Unraid 6.9 keeps crashing

sv3ndev · May 16, 2020

Hello,

I have been using UnRaid for over 4 years now and have been very satisfied with it. However, in the past 2 months, I have encountered a problem with my server that makes it almost unusable.
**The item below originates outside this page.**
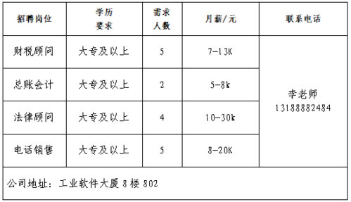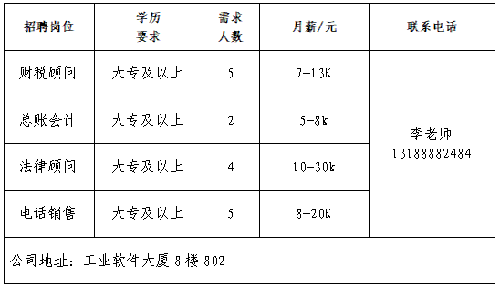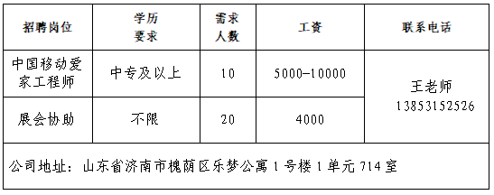 企业报名参加招聘,求职者咨询更多招聘岗位信息请致电市人力资源市场:
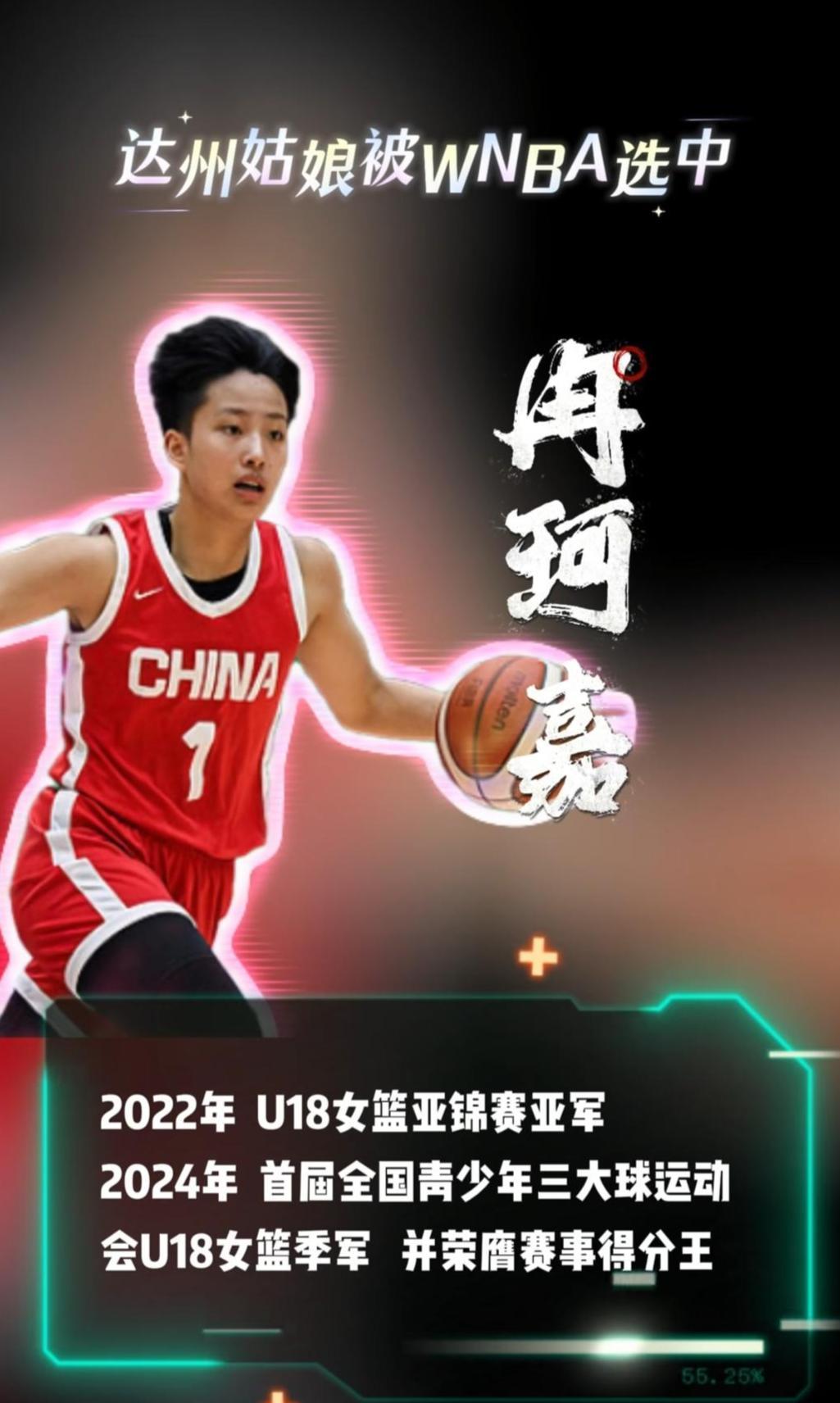 冉珂嘉,2006年9月29日出生,身高1.81米,四川达州人。据“达州发布”公开信息,她曾荣获众多比赛荣誉:2022年,U18女篮亚锦赛亚军;2024年,首届全国青少年三大球运动会U18女篮季军,并荣膺赛事得分王;2025年,代表中国女篮参加U19女篮世界杯,场均贡献19.1分和11.3个篮板,成为赛会篮板王;同年,夺得第十五届运动会U22女篮冠军。

This problem also existed with Unraid 6.8rc4, I updated to 6.9.0-beta1 in the hopes that this would fix the problem.

The problem is that after booting the server, after 8-72 hours, the server will become unresponsive. Ping attempts are unsuccessful. The machine itself is still running, but I cannot interact with UnRaid in any way. This means that once a day, I have to force restart the server, which is not a viable option for the future.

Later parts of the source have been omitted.